Hillbilly Elegy - by J.D. Vance

Published:

*Hillbilly Elegy * - by J.D. Vance

Read: 2025-01-10

Recommend: 6/10

I was surprised to learn that the author J.D. Vance is the same person who will serve as Vice President in 2025.

Notes

Here are some text that I highlighted in the book:

  1. More troublingly, when it was all over, he thought something had been done to him. There is a lack of agency here—a feeling that you have little control over your life and a willingness to blame everyone but yourself. This is distinct from the larger economic landscape of modern America.
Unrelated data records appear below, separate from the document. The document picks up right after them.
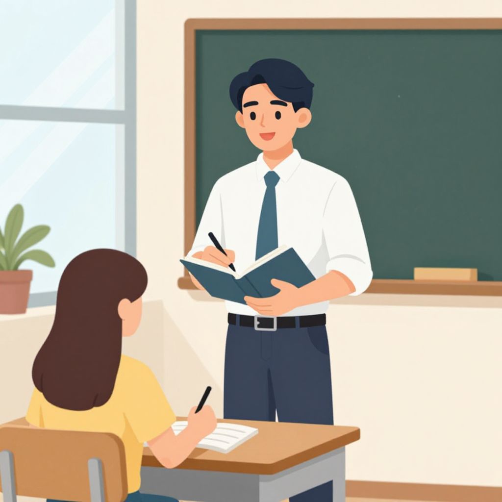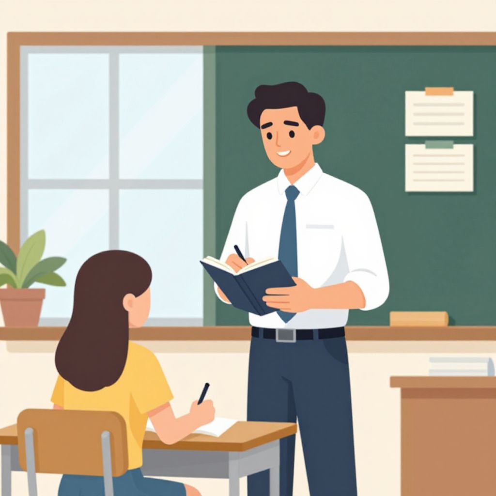 Illustration of a smiling male teacher with black hair, white shirt, and black tie, holding a notebook, standing in front of a seated female student
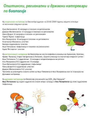 На општински натпревар по биологија одржан на 23.02.2019 година, нашите ученици
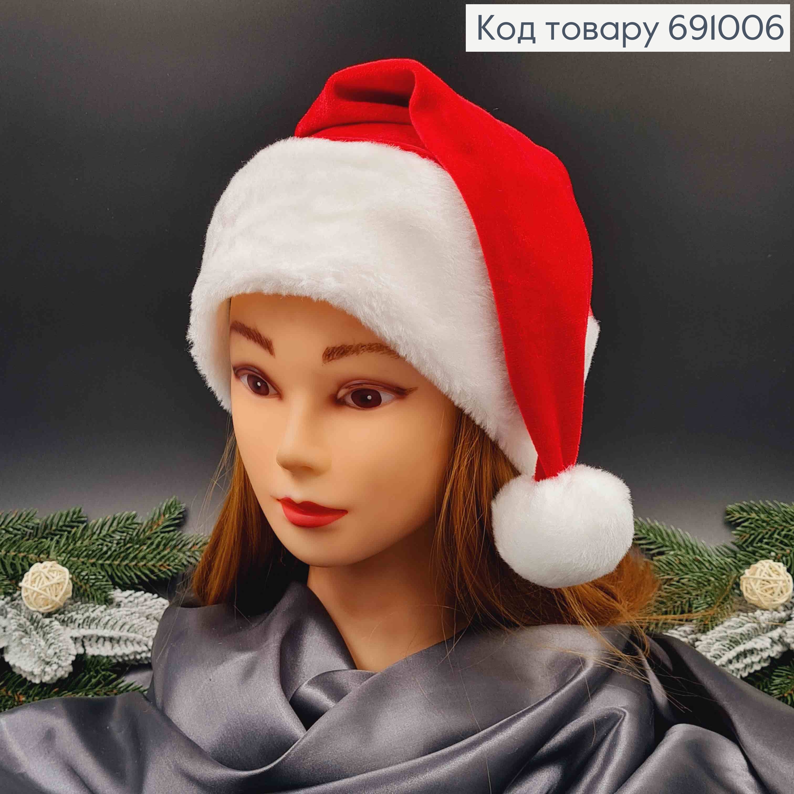Шапочка новогодняя, Красного цвета, велюровая с мехом

  2. I am sure this story is as fallible as any human memory. Indeed, when I asked my sister to read an earlier draft, that draft ignited a thirty-minute conversation about whether I had misplaced an event chronologically. I left my version in, not because I suspect my sister’s memory is faulty (in fact, I imagine hers is better than mine), but because I think there is something to learn in how I’ve organized the events in my own mind.

  3. We tend to overstate and to understate, to glorify the good and ignore the bad in ourselves. This is why the folks of Appalachia reacted strongly to an honest look at some of its most impoverished people. It’s why I worshipped the Blanton men, and it’s why I spent the first eighteen years of my life pretending that everything in the world was a problem except me. The truth is hard, and the hardest truths for hill people are the ones they must tell about themselves.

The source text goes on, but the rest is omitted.